Like I said, I do my own research and read studies and listen to ‘professionals’ from a variety of areas and I’ve come to believe what I believe. Is it THE truth? I don’t know. But it’s mine. I think at least some of our anxiety comes from that ‘needing’ to know the absolute truth. So when we realize that that kind of doesn’t exist, there can be a sense of panic. Now we have to find it ourselves. We have to figure out what it is we ourselves believe. Unfortunately, often once we have that, we do everything we can to make sure all the folks around us believe the same thing we do so we can feel better about believing that thing we do.

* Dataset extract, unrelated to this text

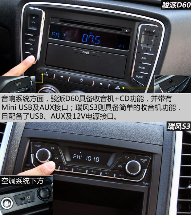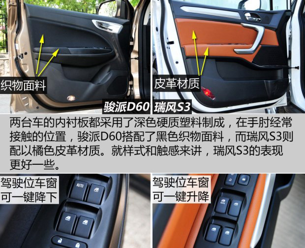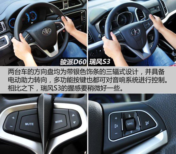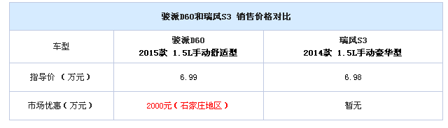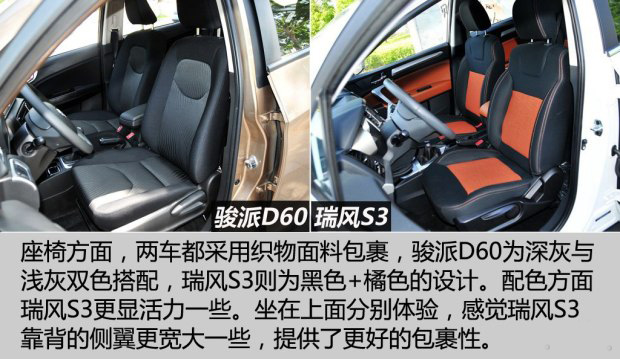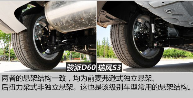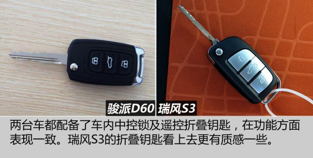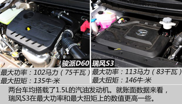 駿派D60和瑞風(fēng)S3分別與2014年10月和8月上市。由于瑞風(fēng)S3的最低配車型 1.5L 手動舒適型尚無現(xiàn)車。我們則選擇了兩者的次低配車型:駿派D60 1.5L手動舒適型和瑞風(fēng)S3 1.5L手動豪華型進(jìn)行對比(以下分別簡稱駿派D60和瑞風(fēng)S3),兩者的指導(dǎo)價格分別為6.99萬元和6.98萬元。

But what if we didn’t? What if like Abraham-Hicks says, we made a decision and lined up with it? What if we did our own searching, found what resonates with us in this world and just felt good about that decision and went on with our lives?
What if we found our truth and let them find theirs?
I had a client recently ask me how to deal with folks that were fearful and negative and constantly telling him that he too had to feel that way, and that if he didn’t, he was wrong, or selfish, or uncaring about his fellow man. He wanted to know how to convince them that what he was thinking was the way to go. I told him you don’t. If it’s okay for you to believe what you believe, it’s got to be okay for them to believe what they believe.
I’ll say something for 2020…it sure has brought us all lessons.
Live and Learn with love.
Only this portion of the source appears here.